> What the task asks: Exactly as they appear, please output the lines from the one with "Projetado pela HTA" through the end of the material, without pictures.

> Source information:
--

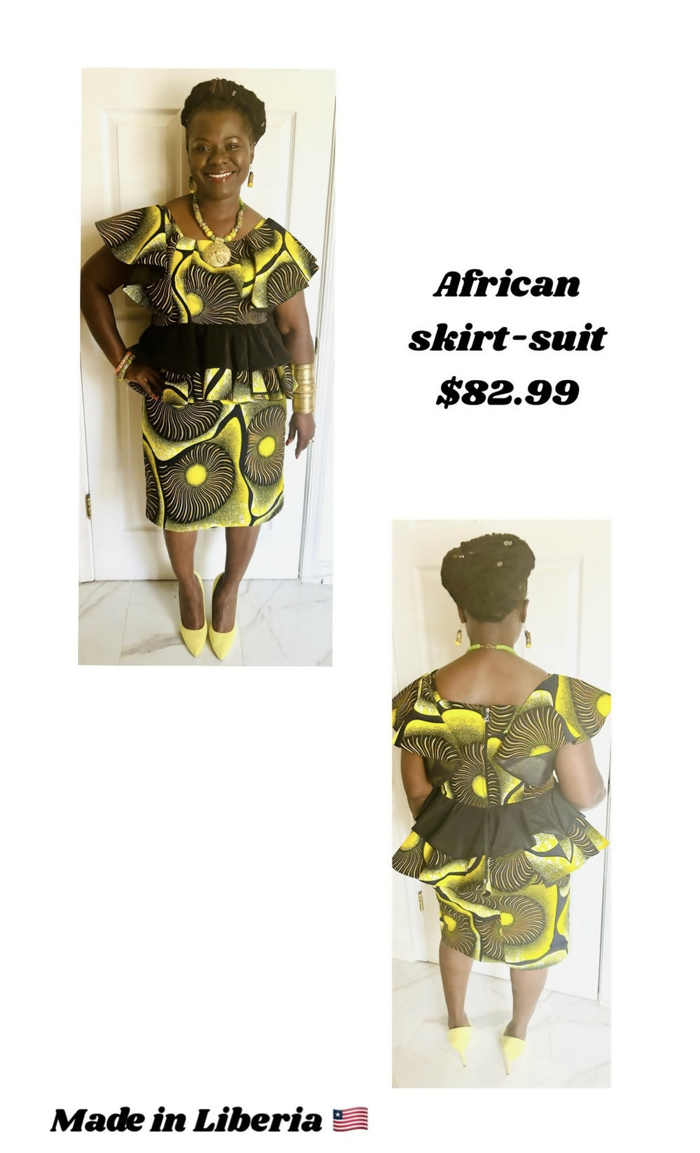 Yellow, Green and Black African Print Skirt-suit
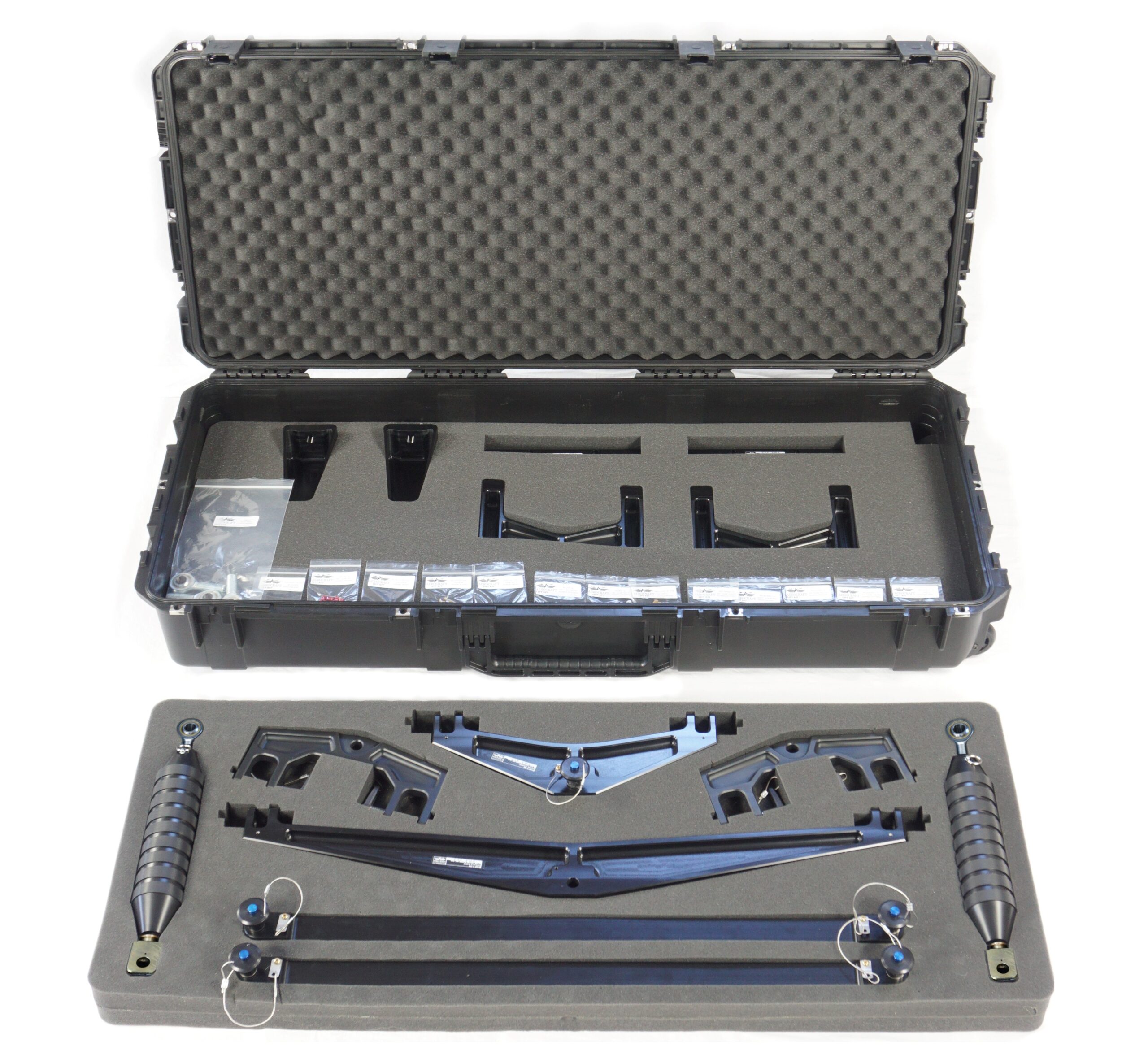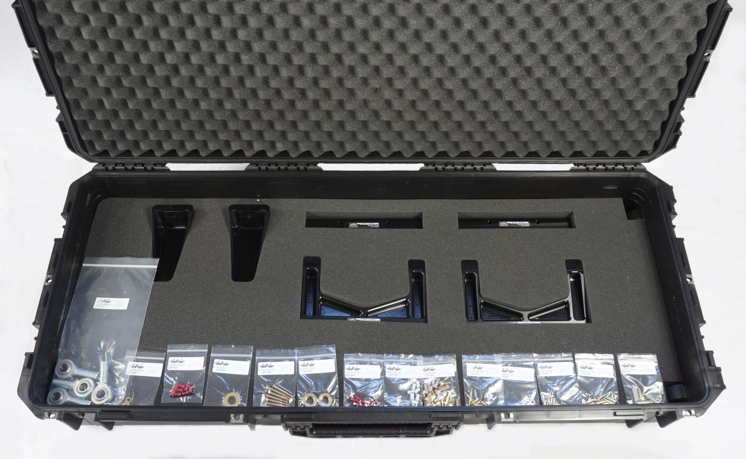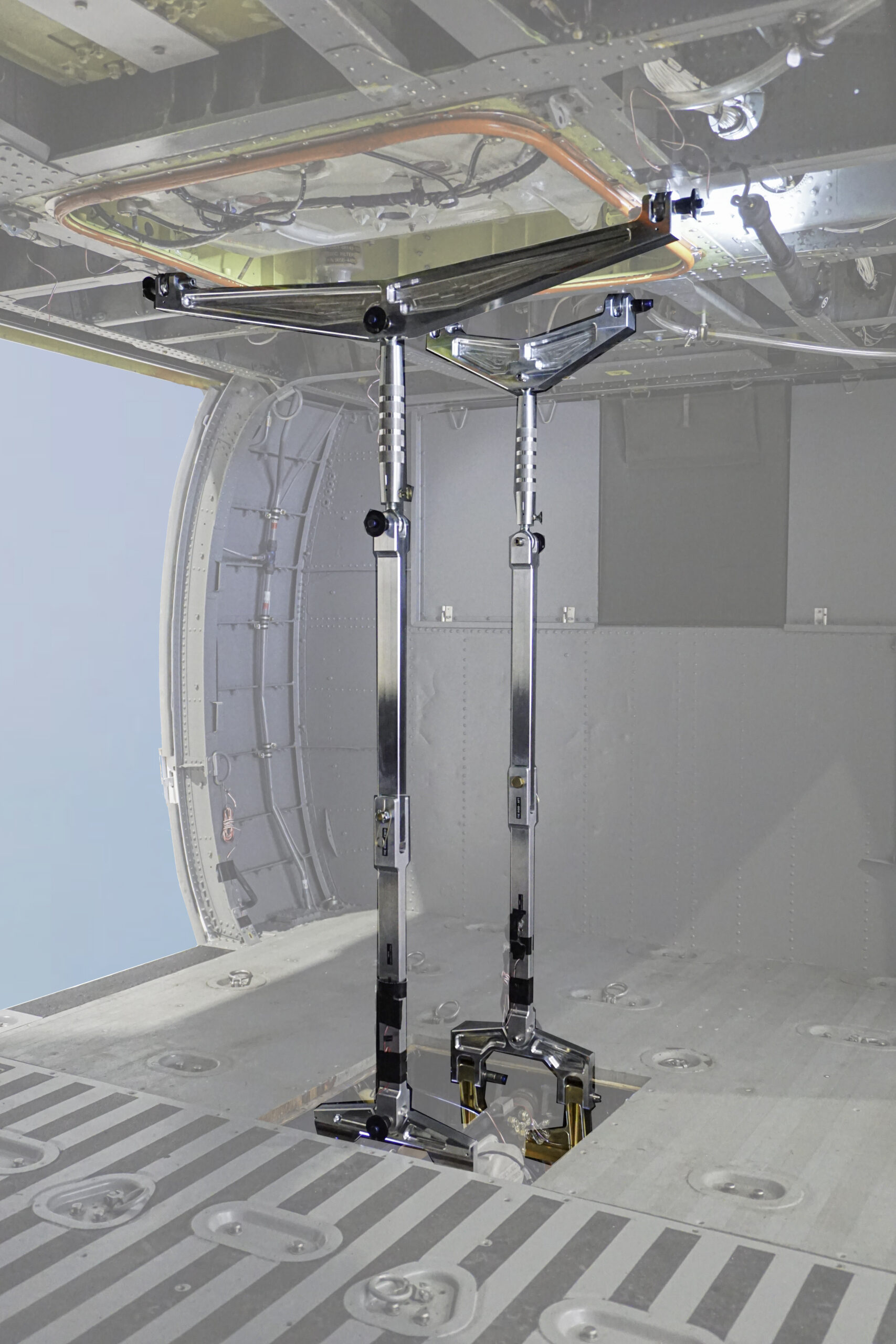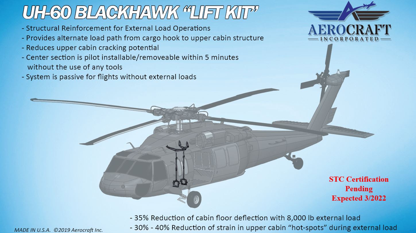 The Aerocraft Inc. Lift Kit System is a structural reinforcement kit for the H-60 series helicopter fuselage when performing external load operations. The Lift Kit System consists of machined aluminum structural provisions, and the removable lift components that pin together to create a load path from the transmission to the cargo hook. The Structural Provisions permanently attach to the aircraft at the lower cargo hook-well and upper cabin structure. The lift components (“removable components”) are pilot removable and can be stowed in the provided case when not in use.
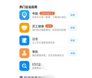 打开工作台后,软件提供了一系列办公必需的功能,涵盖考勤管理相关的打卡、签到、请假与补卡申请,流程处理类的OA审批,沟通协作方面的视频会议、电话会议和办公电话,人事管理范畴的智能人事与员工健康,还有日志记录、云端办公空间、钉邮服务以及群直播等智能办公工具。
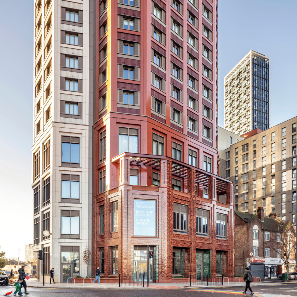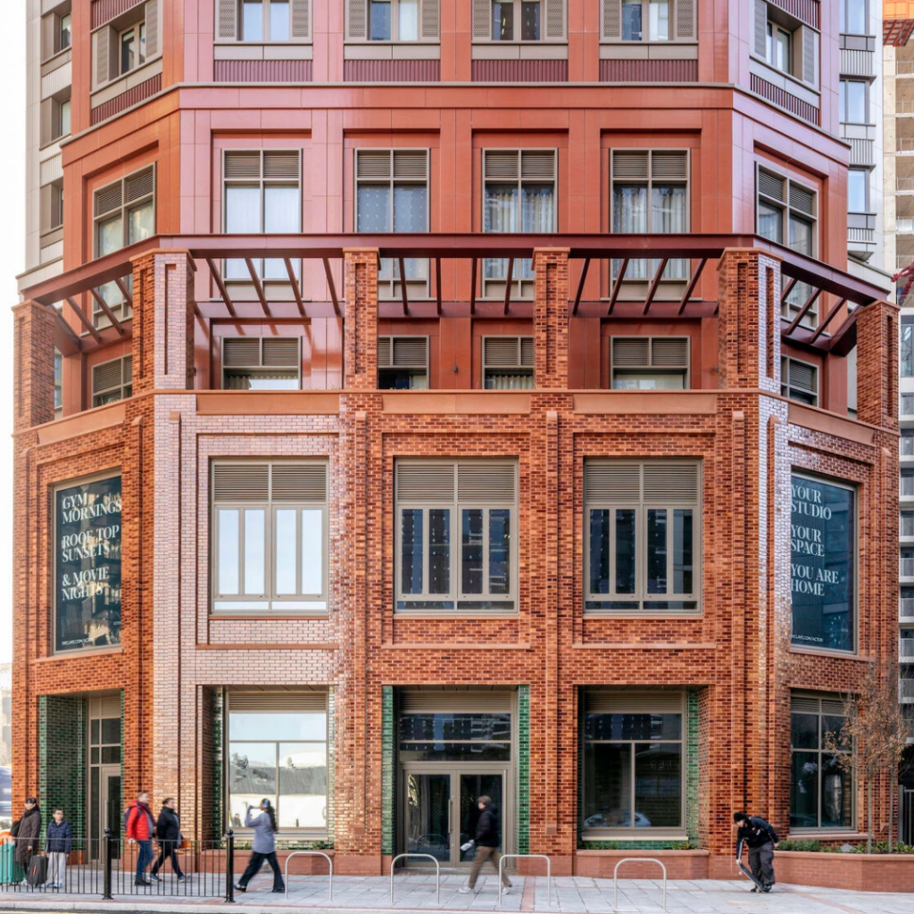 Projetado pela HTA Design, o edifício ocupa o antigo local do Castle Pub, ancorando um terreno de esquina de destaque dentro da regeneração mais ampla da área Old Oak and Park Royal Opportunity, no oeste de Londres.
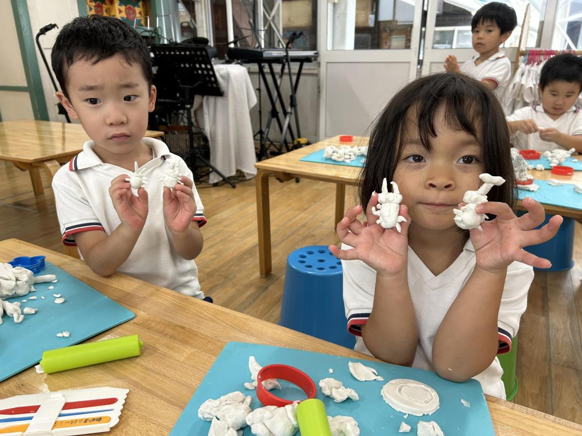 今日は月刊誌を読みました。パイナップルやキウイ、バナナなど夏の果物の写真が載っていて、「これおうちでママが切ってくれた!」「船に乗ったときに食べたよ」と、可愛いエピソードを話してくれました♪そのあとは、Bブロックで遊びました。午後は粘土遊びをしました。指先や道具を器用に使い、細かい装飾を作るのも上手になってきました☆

--

> Result:
 Projetado pela HTA Design, o edifício ocupa o antigo local do Castle Pub, ancorando um terreno de esquina de destaque dentro da regeneração mais ampla da área Old Oak and Park Royal Opportunity, no oeste de Londres.
 今日は月刊誌を読みました。パイナップルやキウイ、バナナなど夏の果物の写真が載っていて、「これおうちでママが切ってくれた!」「船に乗ったときに食べたよ」と、可愛いエピソードを話してくれました♪そのあとは、Bブロックで遊びました。午後は粘土遊びをしました。指先や道具を器用に使い、細かい装飾を作るのも上手になってきました☆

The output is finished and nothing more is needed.